Study could offer new way to treat, prevent diabetes-associated blindness

Reporting on their study with lab-grown human cells, researchers at The Johns Hopkins University and the University of Maryland say that blocking a second blood vessel growth protein, along with one that is already well-known, could offer a new way to treat and prevent a blinding eye disease caused by diabetes.

A summary of the study appears online May 25 in Proceedings of the National Academy of Sciences.

The disease, diabetic retinopathy, is the most common cause of vision loss in working-age adults in the United States. Diabetic eye disease occurs when the normal blood vessels in the eye are replaced over time with abnormal, leaky, fragile blood vessels that leak fluid or bleed into the eye, damaging the light-sensitive retina and causing blindness. Forty to 45 percent of Americans with diabetes have diabetic retinopathy, according to the National Eye Institute.

Laser-sealing eye blood vessels can save central vision, but this often sacrifices peripheral and night vision, according to Akrit Sodhi, M.D., Ph.D., an assistant professor of ophthalmology at the Johns Hopkins University School of Medicine. Several recently developed drugs — bevacizumab, ranibizumab and aflibercept — can help treat these blood vessels by blocking the action of VEGF, a so-called growth factor released as part of a chain of signals in response to low oxygen levels, which stimulates the growth of new, often abnormal, blood vessels. But studies have shown that although these drugs slow progression to proliferative diabetic retinopathy, it does not reliably prevent it.

Looking for an explanation, postdoctoral fellow Savalan Babapoor-Farrokhran, M.D., and Kathleen Jee, a student at the school of medicine who will begin her residency in ophthalmology at the Wilmer Eye Institute at Johns Hopkins next year, tested levels of VEGF in samples of fluid from the eye taken from healthy people, people with diabetes who did not have diabetic retinopathy and people with diabetic retinopathy of varying severity.

While levels of VEGF tended to be higher in those with proliferative diabetic retinopathy, some of their fluid had less VEGF than did the healthy participants.
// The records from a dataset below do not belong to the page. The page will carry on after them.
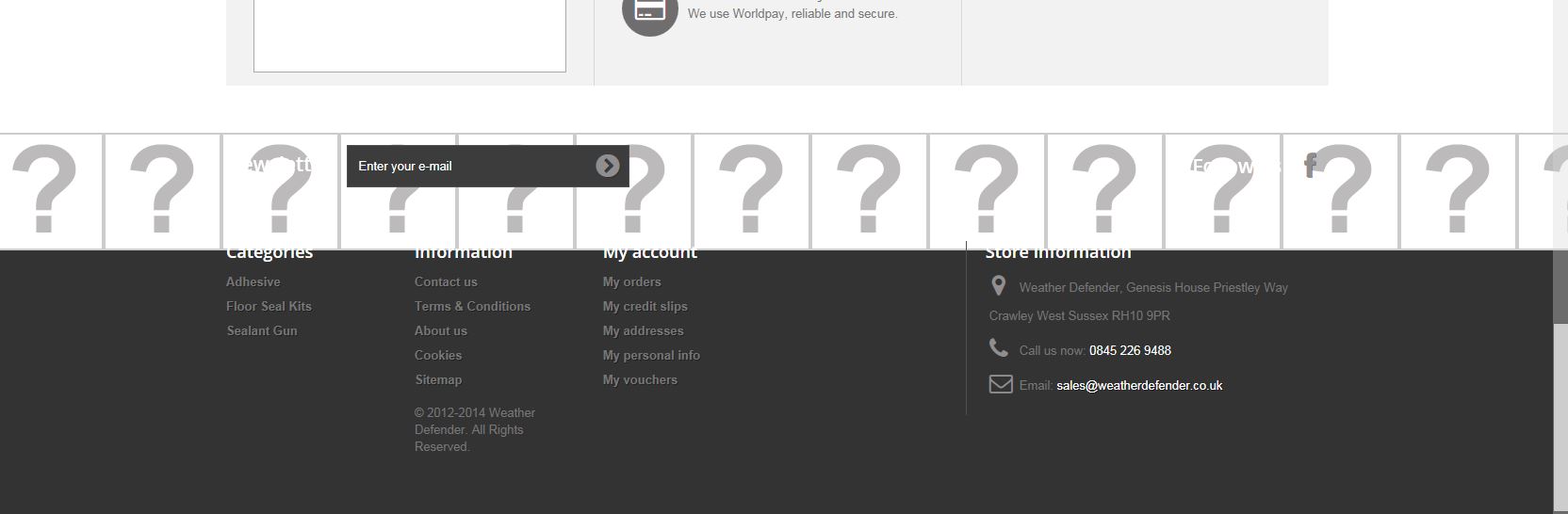 peter433 Posted February 2, 2015 Share Posted February 2, 2015 Hello, I have Question mark error images on homepage? very strange any help would be appriated. See www.weatherdefender.co.uk Also see attach file screenshot Regards Peter Link to comment Share on other sites More sharing options...
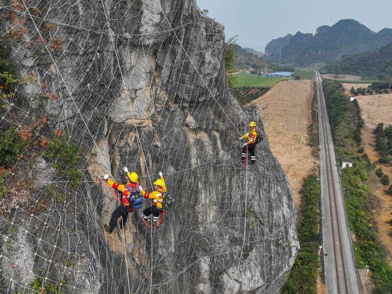 这段时间,中国铁路南宁局南宁工务段南宁路桥检查工区工长杨发登和队友要爬上铁路沿线陡峭的山峰,排查危岩落石隐患,保障铁路运行安全。
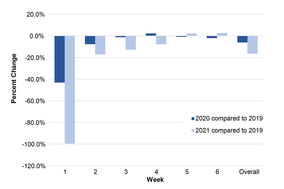 In figures 1 and 2 it should be noted that direct comparisons for the weekly data between 2019, 2020 and 2021 should be made with caution since the days do not map the same weeks (week 1 data for 2021 only accounts for 3 days). Also, that school holidays (often coinciding with family holidays) are for the 2020 calendar year. These holidays may vary slightly by year and by local area. School holidays for the 2019 to 2020 academic year were in weeks 43, 52, 53, 1, 8, 15, 16, 19, 22, 30 to 36. School holidays for the 2020 to 2021 academic year are in weeks 44, 52, 53, 7, 13, 14, 18, 22, 29 to 35.
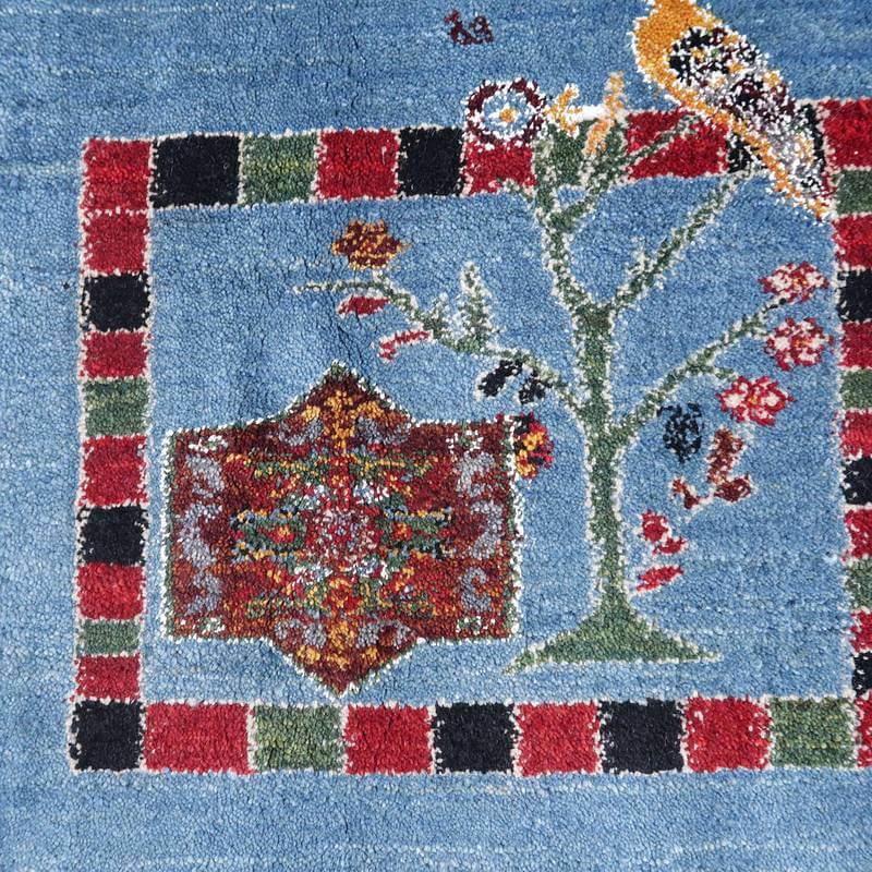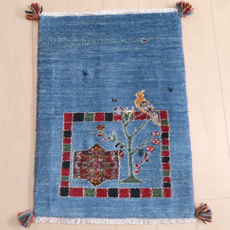 落ち着きのある爽やかなブルーのグラデーション。生命の木にとまる鳥が詩的な雰囲気で描かれています。詩の国イランらしい詩集の挿絵のようなモダンなギャッベです。絵としても飾れるデザイン。

But even the low-VEGF fluid from patients with proliferative diabetic retinopathy stimulated blood vessel growth in lab-grown cells.

"The results suggested to us that although VEFG clearly plays an important role in blood vessel growth, it's not the only factor," Sodhi says.

A series of experiments in lab-grown human cells and mice revealed a second culprit, a protein called angiopoietin-like 4. When the researchers blocked the action of both VEGF and angiopoietin-like 4 in fluid from the eyes of people with proliferative diabetic retinopathy, it markedly reduced blood vessel growth in lab-grown cells.

If a drug can be found that safely blocks the second protein's action in patients' eyes, it might be combined with the anti-VEGF drugs to prevent many cases of proliferative diabetic retinopathy, Sodhi suggests.

The team is now investigating whether angiopoietin-like 4 might also play a role in other eye diseases, such as macular degeneration, which destroys the central portion of the retina.